ASML Holding NV (ASML), Europe’s largest semiconductor-equipment supplier, today predicted full-year sales that would trail analysts’ estimates as makers of chips that process device functions reconsider how fast to increase capacity and deliveries of its newest product are postponed.
Sales in Intel’s mobile and communications division fell 83 percent to $51 million in the second quarter, and the unit’s operating loss widened to $1.12 billion. That followed an operating loss of $929 million in the first quarter.
The unit will continue to be a drain on Intel’s finances through next year, Smith said. The company is providing subsidies to persuade customers to use its chips in tablets, where it’s aiming for 40 million units shipped this year.

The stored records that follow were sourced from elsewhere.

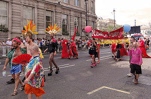 In the late 1990s Faeries sustained the New York City Drag March, an activist event held the Friday before the corporate-sponsored NYC Pride March.[58] The Drag March began in 1994 in response to attempts to ban leather and drag during festivities marking the 25th anniversary of the Stonewall riots.[59]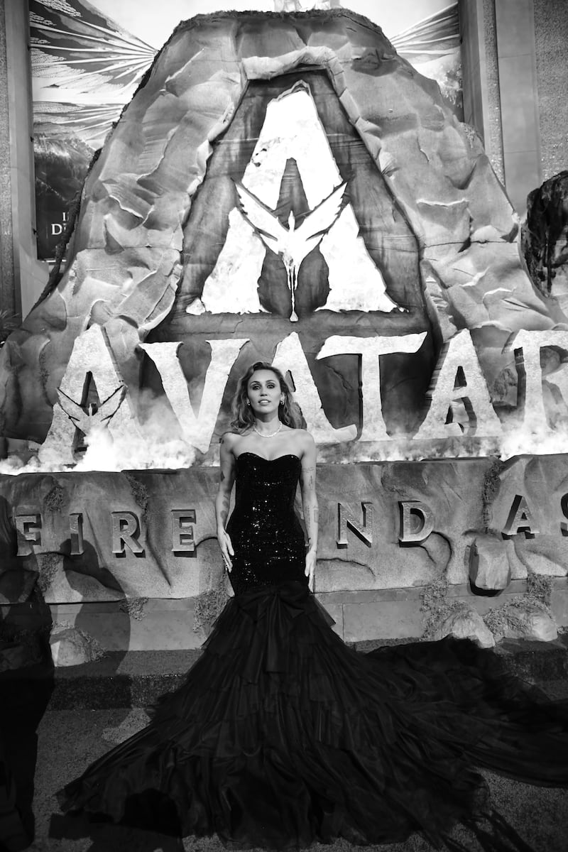 "Avatar: Fire And Ash" World Premiere HOLLYWOOD, CALIFORNIA - DECEMBER 01: (EDITORS NOTE: Image has been shot in black and white. Color version is not available.) Miley Cyrus attends the world premiere of 20th Century Studios "Avatar: Fire and Ash" at The Dolby Theatre in Hollywood, California on December 01, 2025. (Photo by Charley Gallay/Getty Images for 20th Century Studios) (Charley Gallay/Getty Images for 20th Century St)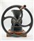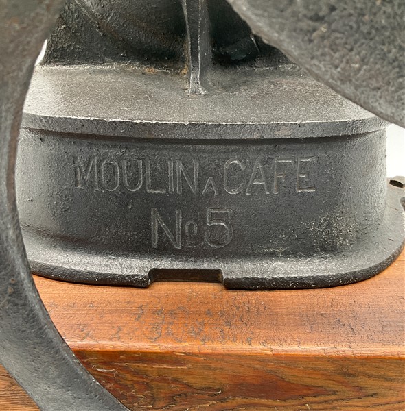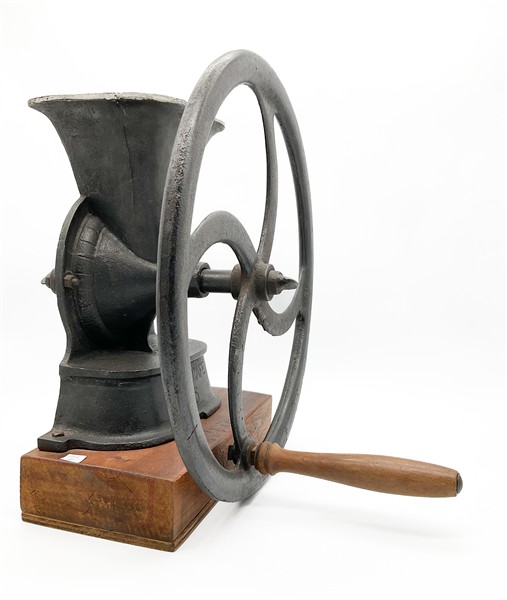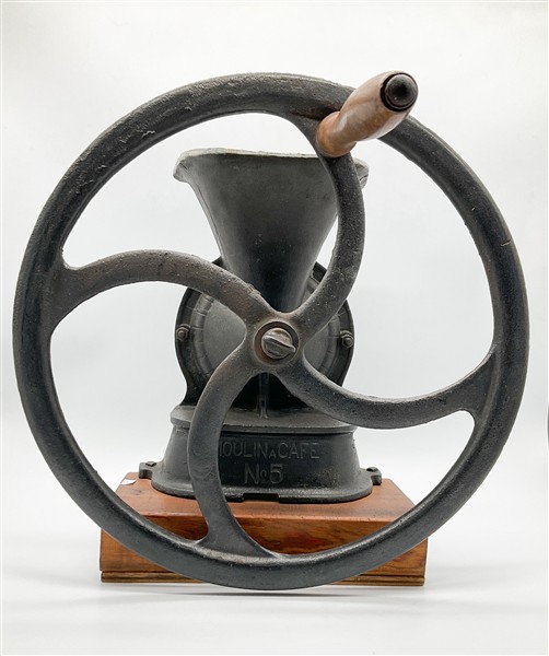 Macinacaffè a una ruota in ghisa e ferro montato su base in legno di epoca posteriore inscritto Mouline à Cafe n.5 (h cm 48) (difetti)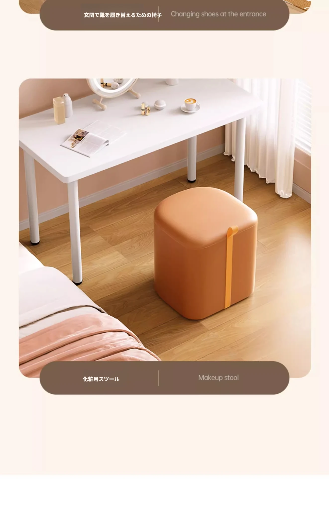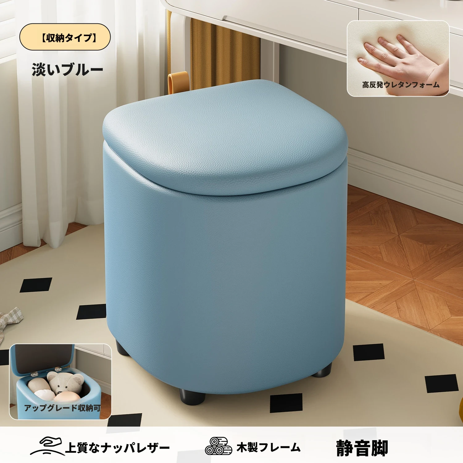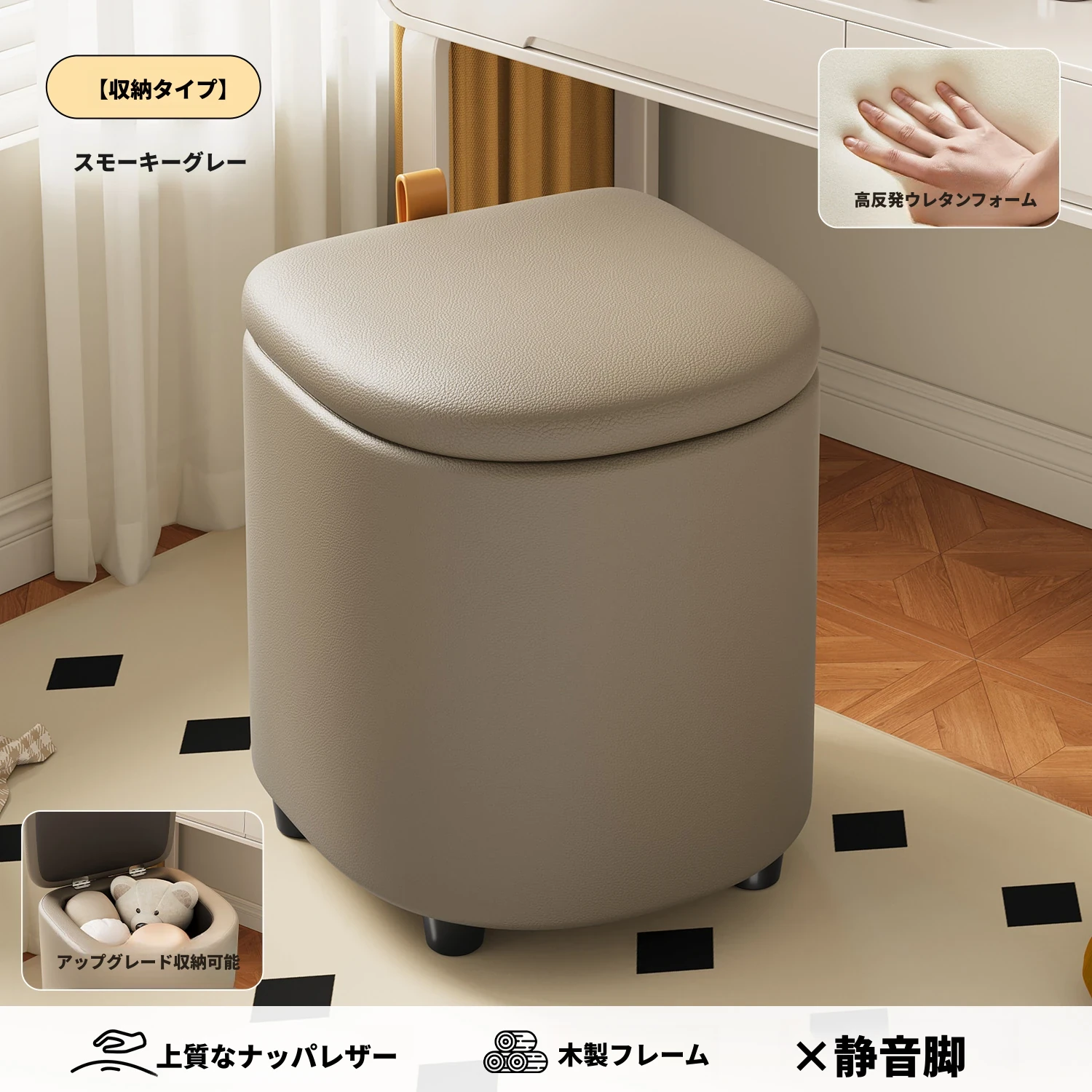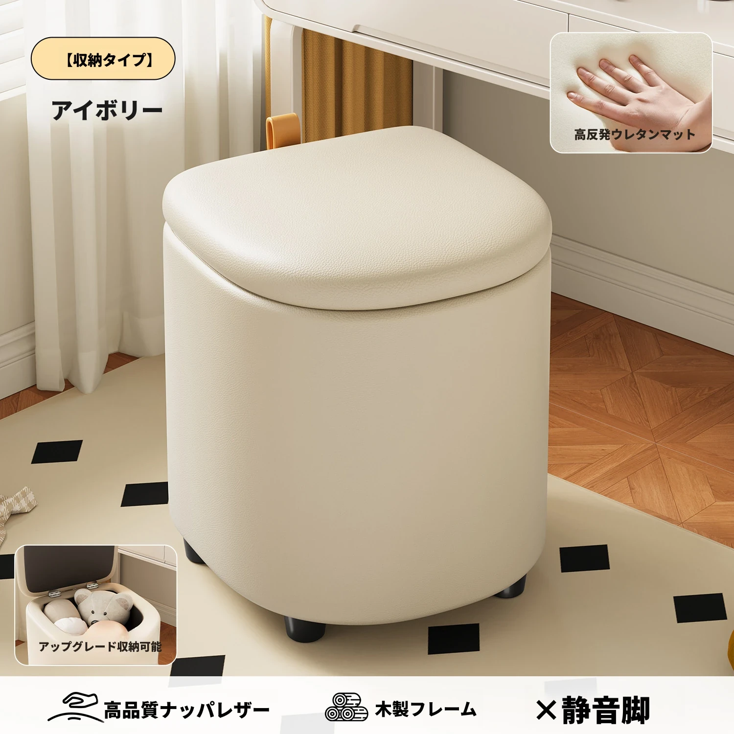 収納付きメイクアップスツール - 女の子のためのクリーム風回転キャスター付きドレッサーチェア、ネイルサロンにも最適なコンパクトなスツール!おしゃれで機能的なデザインで、あなたの部屋を素敵に演出します。

Intel shipped 10 million units in the second quarter, double from the first three months of the year.
Intel will persevere in mobile, even though it’s losing money, because modems -- the chips that connect devices to mobile networks -- are going to become increasingly important parts of all types of computers, Smith said.
The company’s long-term evolution, or LTE, modems have taken longer than predicted to become qualified on cellular networks, Intel said.
“The market just needs to see them make some early strides,” said Suji De Silva, an analyst at Topeka Capital Markets, who recommends buying Intel shares.